Recently a Master Gardener colleague had occasion to interview two professors of soil science at North Carolina State University. Normally the words “soil science” don’t cause our hearts to flutter, but in reading her transcripts I have to admit to a quickening of my pulse.
Soil is one of those things — along with weather and water — that obsess gardeners. But I was excited because the manuscript taught me more about this topic, proving yet again that old dogs can learn new tricks.
Why is soil science so important? Without soil there would be no life. Now we hear this said of water all the time, but think about it: There would be no food without soil. Currently the world’s population is 7 billion, and by 2050 there will be 11 billion people. That's a lot of mouths to feed.
We aren’t doing a first-rate job of fending off world hunger now, and this food deficit will only grow as the population increases. Experts estimate that we will have to increase our yields by 50 percent per acre over the next 35 years if we are to meet the demand. Simply put: Whether you’re a consumer of bison meat or Hostess Twinkies, it all goes back to the soil.
We all agree that water quality is of the upmost importance, and probably only a few still disagree with the provisions of the Clean Water Act, especially after the Flint, Michigan, tragedy. However, did you know that the great water purifier is — yes, you guessed it — soil? Every year in the United States, 375 trillion gallons flow through our soils, which filter and clean the water. This is enough water to fill the state of North Carolina to a height of 15 feet.
Another fascinating attribute of soil is that it’s a huge reservoir of carbon. Amid global warming, this is something that cannot be ignored. There is a normal exchange of carbon between the soil and the atmosphere, but human activity speeds up this carbon traffic, especially through tillage and erosion.

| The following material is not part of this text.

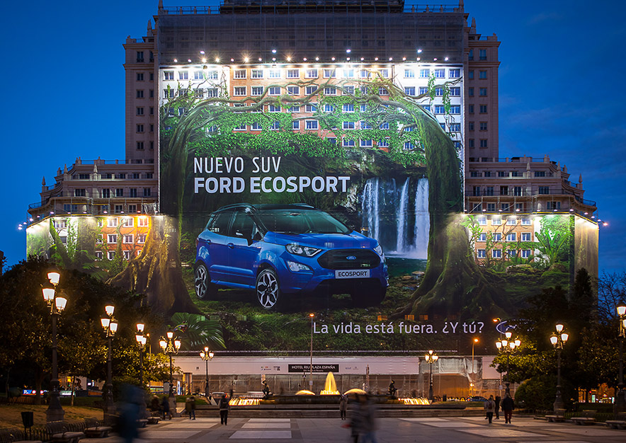 Impresionante y fabulosa campaña de publicidad exterior del nuevo SUV FORD ECOSPORT en el emplazamiento Premium de VSA COMUNICACION en la Plaza España de Madrid. Un claro ejemplo de la magia y elegancia de las lonas publicitarias y el medio exterior. El
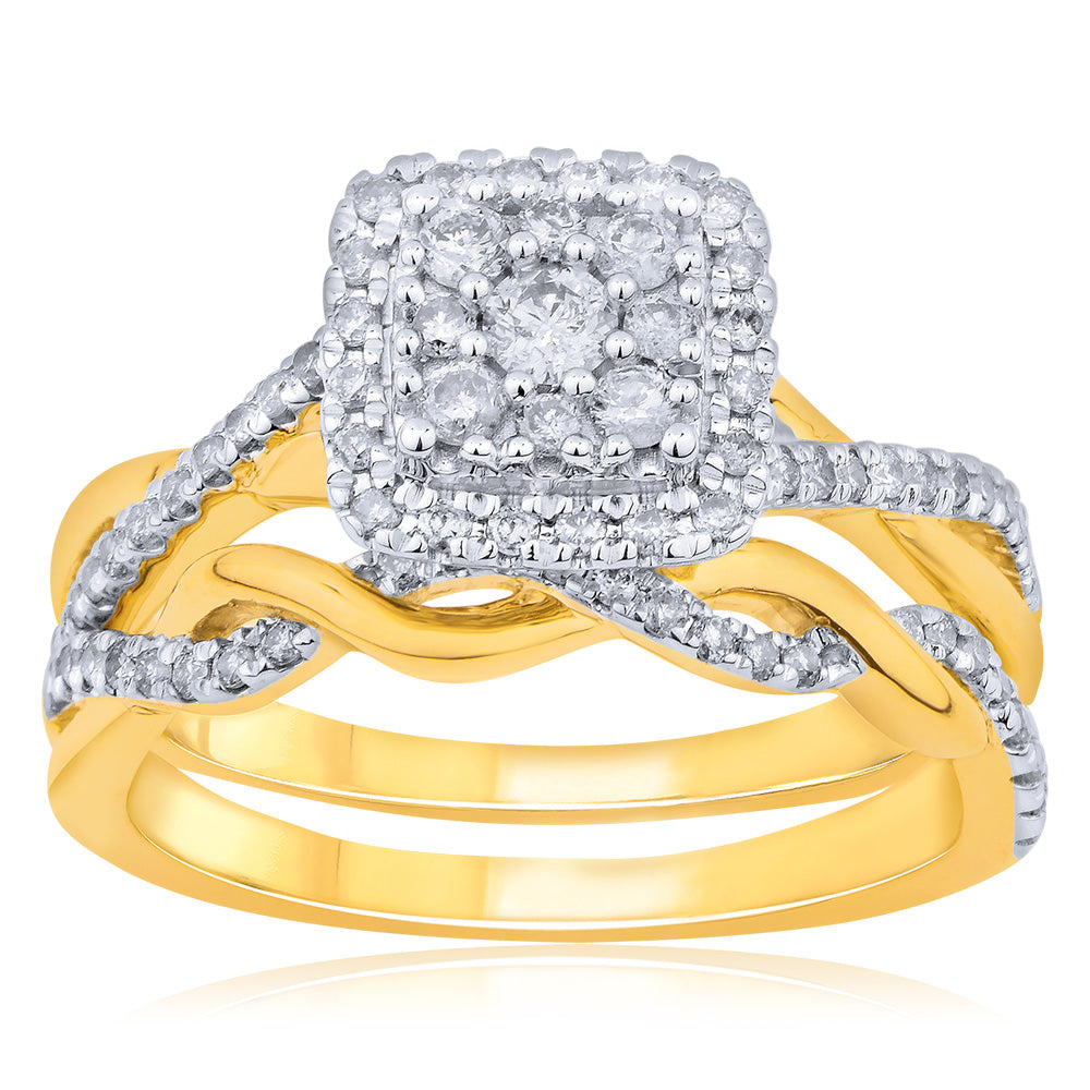 9ct Yellow Gold 1/2 Carat Diamond Bridal Set 2 Rings with Cushion Shape Cluster

Farmland is going out of production at an alarming pace. The number one crop here in North Carolina isn’t cotton, tobacco, or soybeans: It’s houses. While we may have good reasons for all this construction, we have to recognize that the land will never be available again for agricultural production. Are we reducing farmland to a critically low level when we should be preparing to meet future demand?
Now before you start thinking I’m nothing but doom and gloom, let me hasten to say that the state of our soils in most of the country has improved dramatically. During the dustbowl years when the Midwest topsoil was literally ending up on the steps of the Capitol, the federal government started its efforts to improve soil quality. The Natural Conservation Service began its “no tillage” dictum, encouraging farmers to place new plantings in previous crop residues, a practice that deters erosion and runoff. Today, 50 percent of our farms follow the “no tillage” instruction.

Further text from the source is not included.